■ THE INPUT:
┌────────

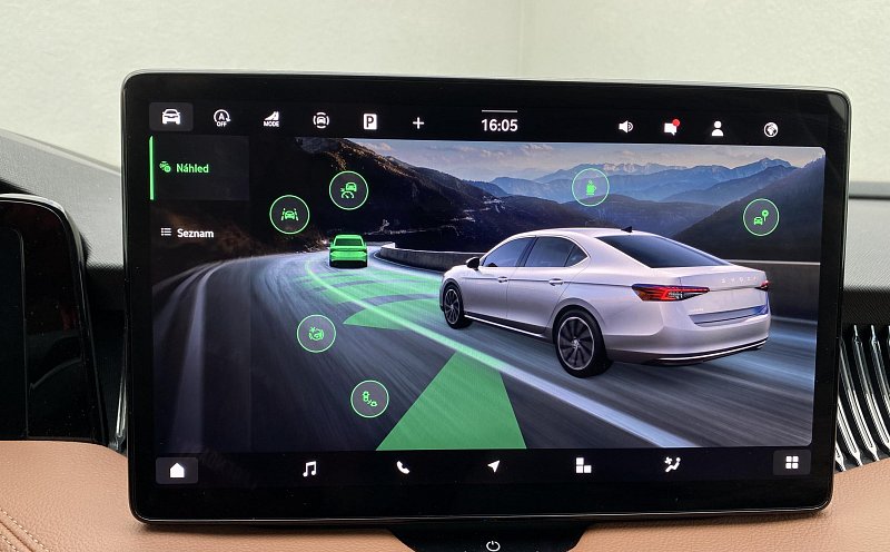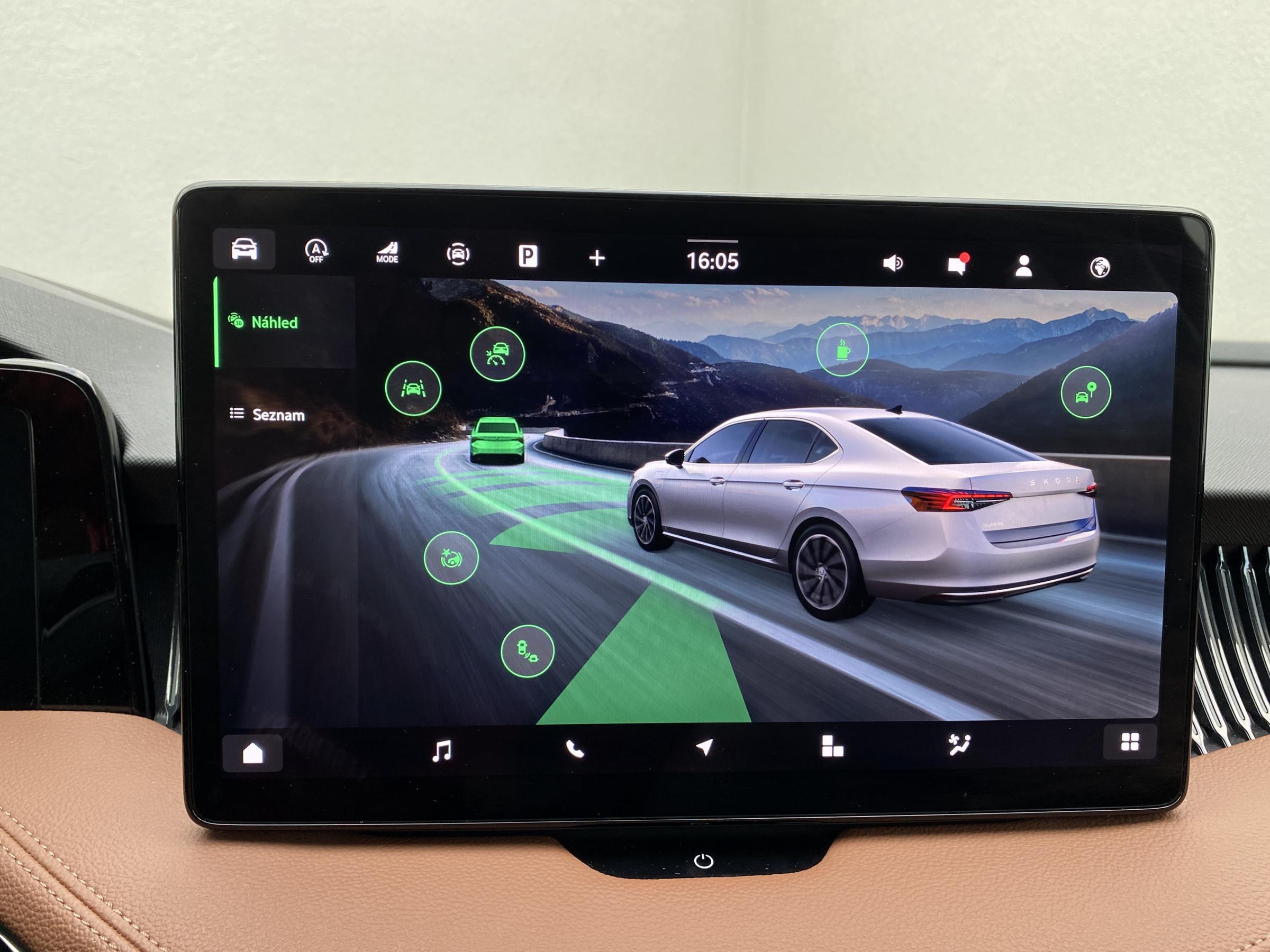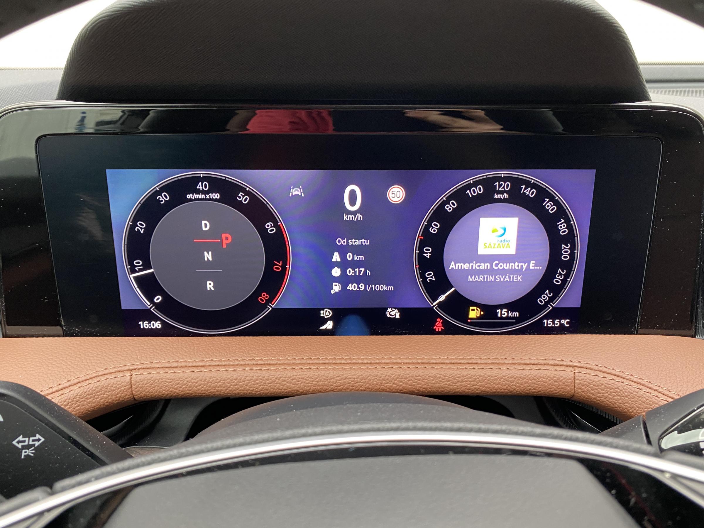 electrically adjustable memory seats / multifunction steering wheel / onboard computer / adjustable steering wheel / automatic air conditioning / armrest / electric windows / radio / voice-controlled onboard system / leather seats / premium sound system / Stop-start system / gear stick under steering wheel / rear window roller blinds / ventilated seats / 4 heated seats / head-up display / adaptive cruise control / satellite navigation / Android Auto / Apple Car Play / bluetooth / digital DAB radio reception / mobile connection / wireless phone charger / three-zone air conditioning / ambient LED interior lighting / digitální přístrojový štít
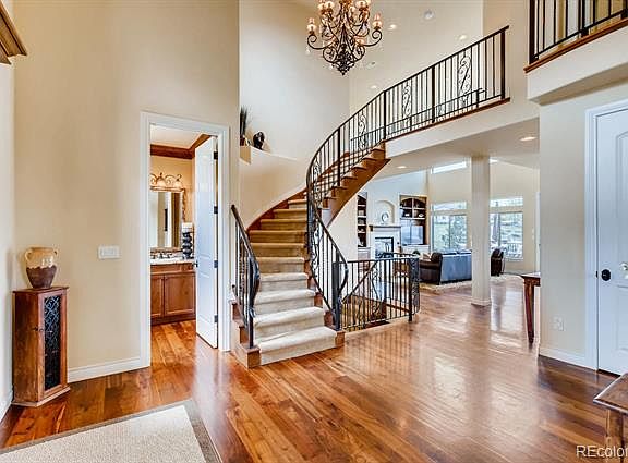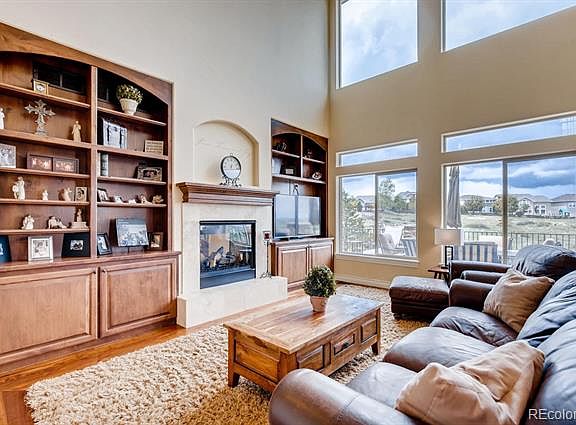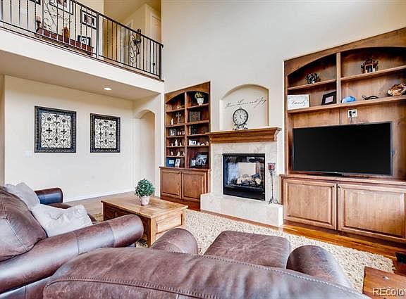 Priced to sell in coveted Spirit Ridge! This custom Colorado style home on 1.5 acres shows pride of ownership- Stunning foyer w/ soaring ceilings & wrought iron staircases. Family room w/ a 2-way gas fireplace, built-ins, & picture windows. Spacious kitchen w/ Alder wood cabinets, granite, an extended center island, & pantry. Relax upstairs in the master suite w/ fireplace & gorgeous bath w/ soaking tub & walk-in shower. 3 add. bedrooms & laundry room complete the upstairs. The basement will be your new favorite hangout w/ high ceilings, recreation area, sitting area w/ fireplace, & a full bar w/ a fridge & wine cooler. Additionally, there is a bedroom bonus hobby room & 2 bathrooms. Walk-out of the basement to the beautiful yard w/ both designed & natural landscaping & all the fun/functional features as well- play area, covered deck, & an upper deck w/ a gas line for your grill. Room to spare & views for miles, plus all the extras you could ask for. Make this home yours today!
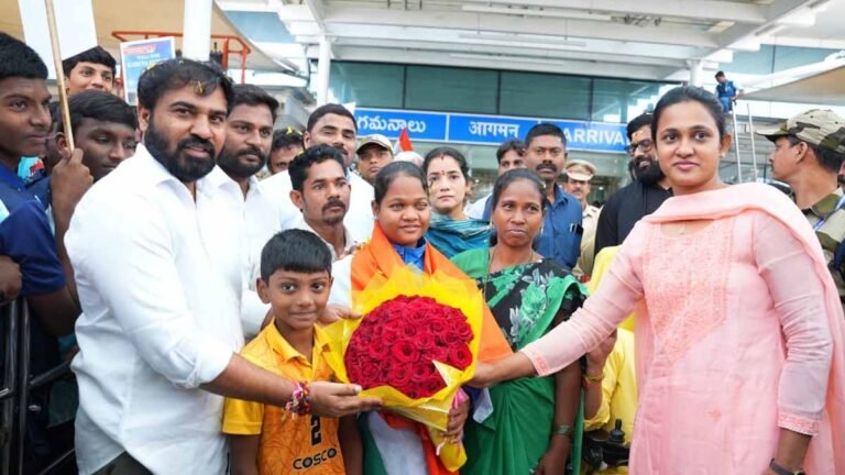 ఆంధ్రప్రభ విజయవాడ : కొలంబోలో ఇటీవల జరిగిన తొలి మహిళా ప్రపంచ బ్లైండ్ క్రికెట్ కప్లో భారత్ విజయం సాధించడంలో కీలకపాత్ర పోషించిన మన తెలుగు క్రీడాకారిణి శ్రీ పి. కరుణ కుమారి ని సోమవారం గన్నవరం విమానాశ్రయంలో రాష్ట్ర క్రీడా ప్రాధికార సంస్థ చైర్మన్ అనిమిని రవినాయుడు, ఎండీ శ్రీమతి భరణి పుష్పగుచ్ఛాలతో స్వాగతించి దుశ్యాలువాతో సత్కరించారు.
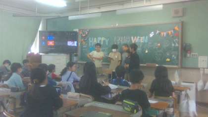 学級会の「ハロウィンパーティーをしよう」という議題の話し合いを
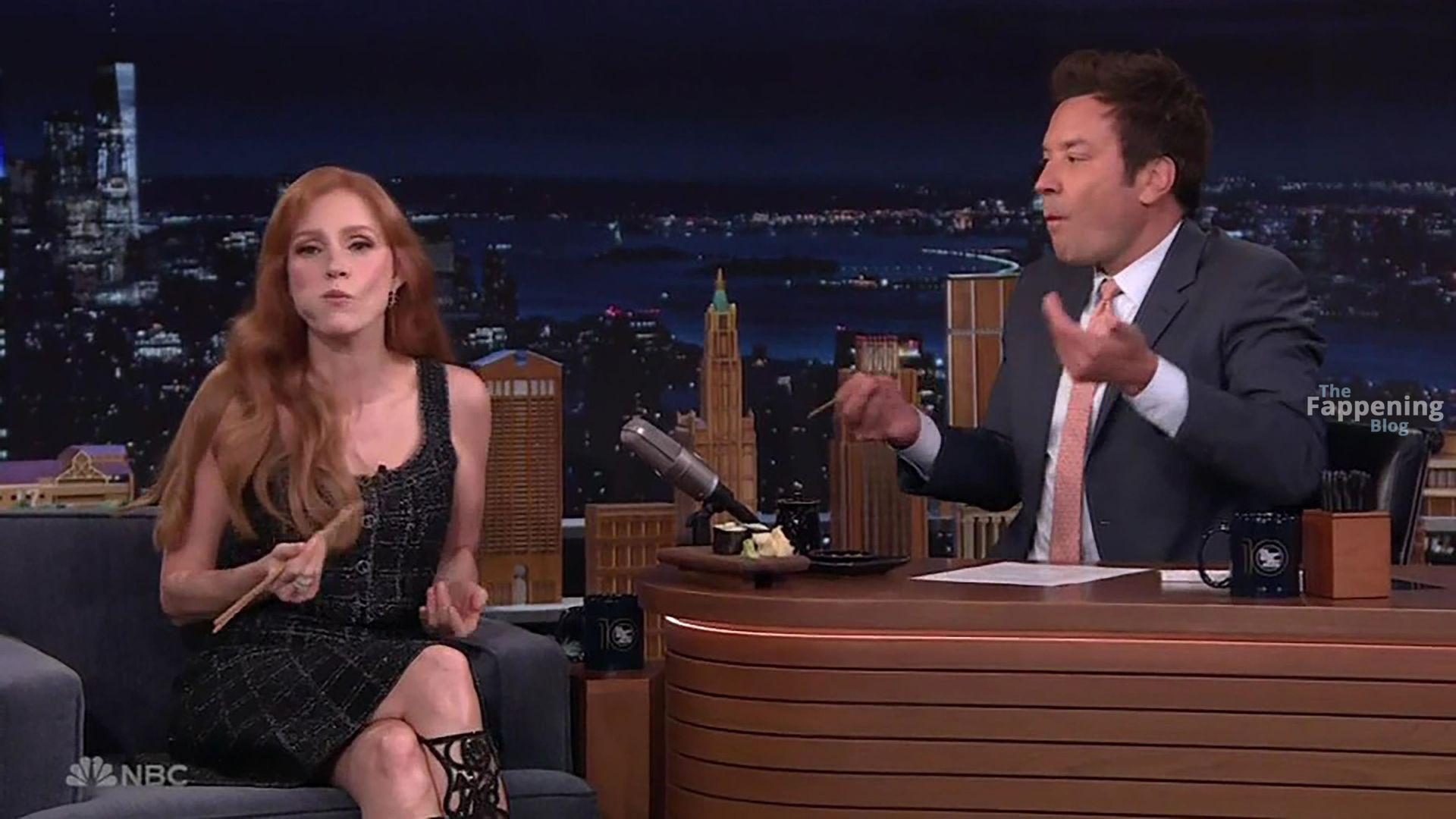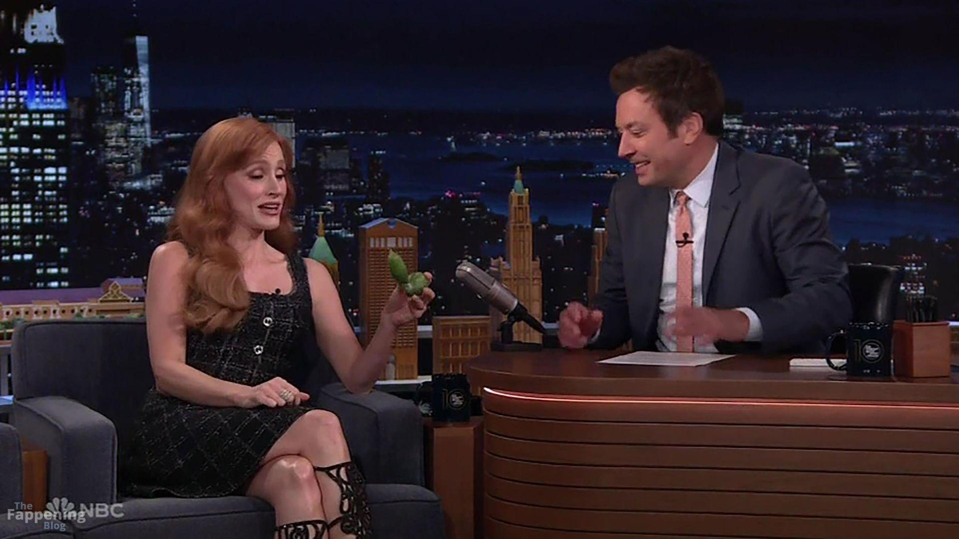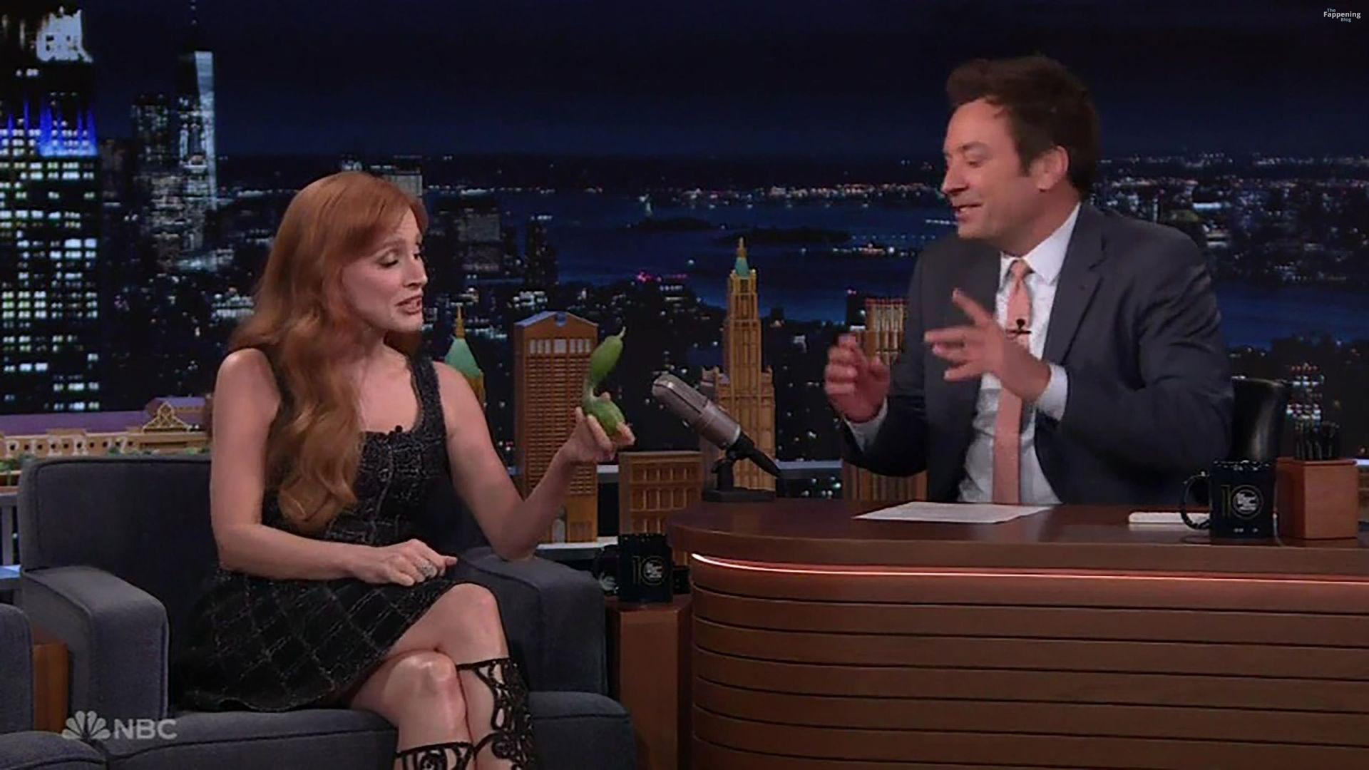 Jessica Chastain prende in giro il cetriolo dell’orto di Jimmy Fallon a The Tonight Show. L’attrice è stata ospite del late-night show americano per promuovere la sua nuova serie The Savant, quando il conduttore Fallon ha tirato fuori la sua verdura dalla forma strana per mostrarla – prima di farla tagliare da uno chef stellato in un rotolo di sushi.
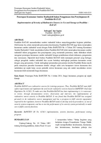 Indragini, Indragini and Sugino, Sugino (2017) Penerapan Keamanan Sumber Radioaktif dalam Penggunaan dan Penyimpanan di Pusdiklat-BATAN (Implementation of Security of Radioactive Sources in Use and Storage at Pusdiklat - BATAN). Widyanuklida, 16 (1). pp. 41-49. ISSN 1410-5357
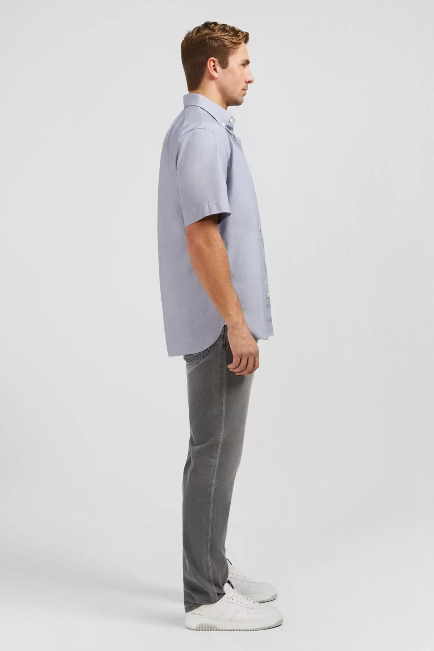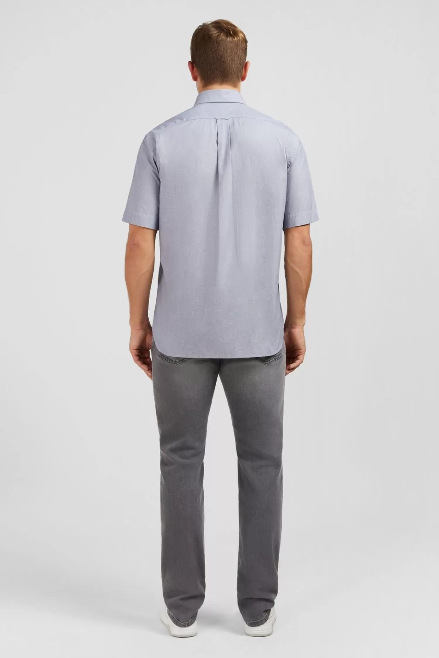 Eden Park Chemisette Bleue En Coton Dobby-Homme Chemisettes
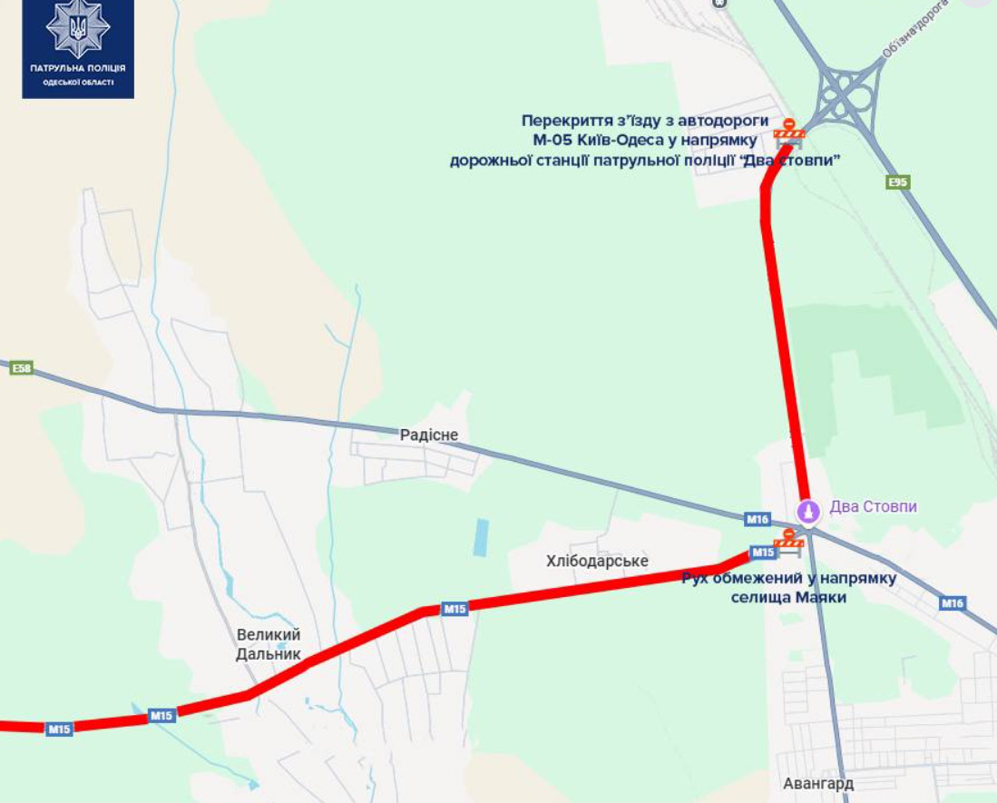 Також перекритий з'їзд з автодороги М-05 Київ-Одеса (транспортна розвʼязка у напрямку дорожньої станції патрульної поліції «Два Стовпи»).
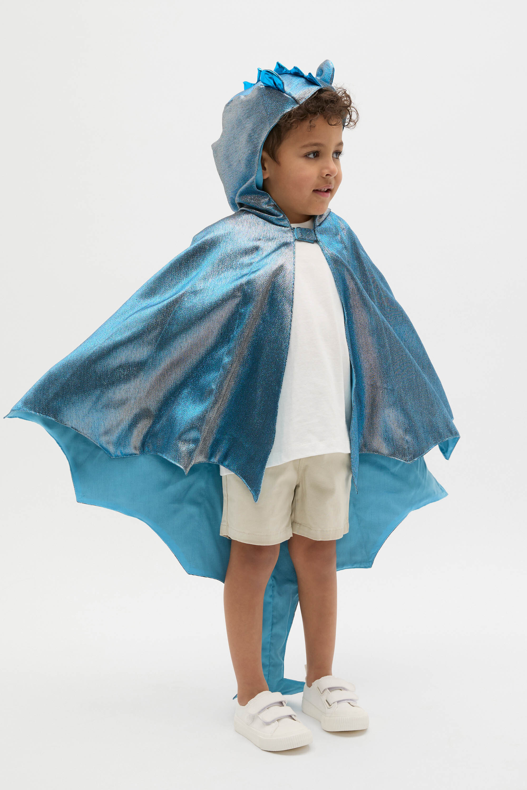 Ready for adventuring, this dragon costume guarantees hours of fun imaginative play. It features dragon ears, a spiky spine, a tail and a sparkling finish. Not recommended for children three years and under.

└────────

■ REQUIRED ACTION: An exact copy is needed. It runs from the line above containing "ఆంధ్రప్రభ విజయవాడ : కొలంబోలో" down to the line containing "学級会の「ハロウィンパーティーをしよう」という議題の話し合いを", both included, with no pictures.

■ RESPONSE TO THE EXERCISE:
 ఆంధ్రప్రభ విజయవాడ : కొలంబోలో ఇటీవల జరిగిన తొలి మహిళా ప్రపంచ బ్లైండ్ క్రికెట్ కప్లో భారత్ విజయం సాధించడంలో కీలకపాత్ర పోషించిన మన తెలుగు క్రీడాకారిణి శ్రీ పి. కరుణ కుమారి ని సోమవారం గన్నవరం విమానాశ్రయంలో రాష్ట్ర క్రీడా ప్రాధికార సంస్థ చైర్మన్ అనిమిని రవినాయుడు, ఎండీ శ్రీమతి భరణి పుష్పగుచ్ఛాలతో స్వాగతించి దుశ్యాలువాతో సత్కరించారు.
 学級会の「ハロウィンパーティーをしよう」という議題の話し合いを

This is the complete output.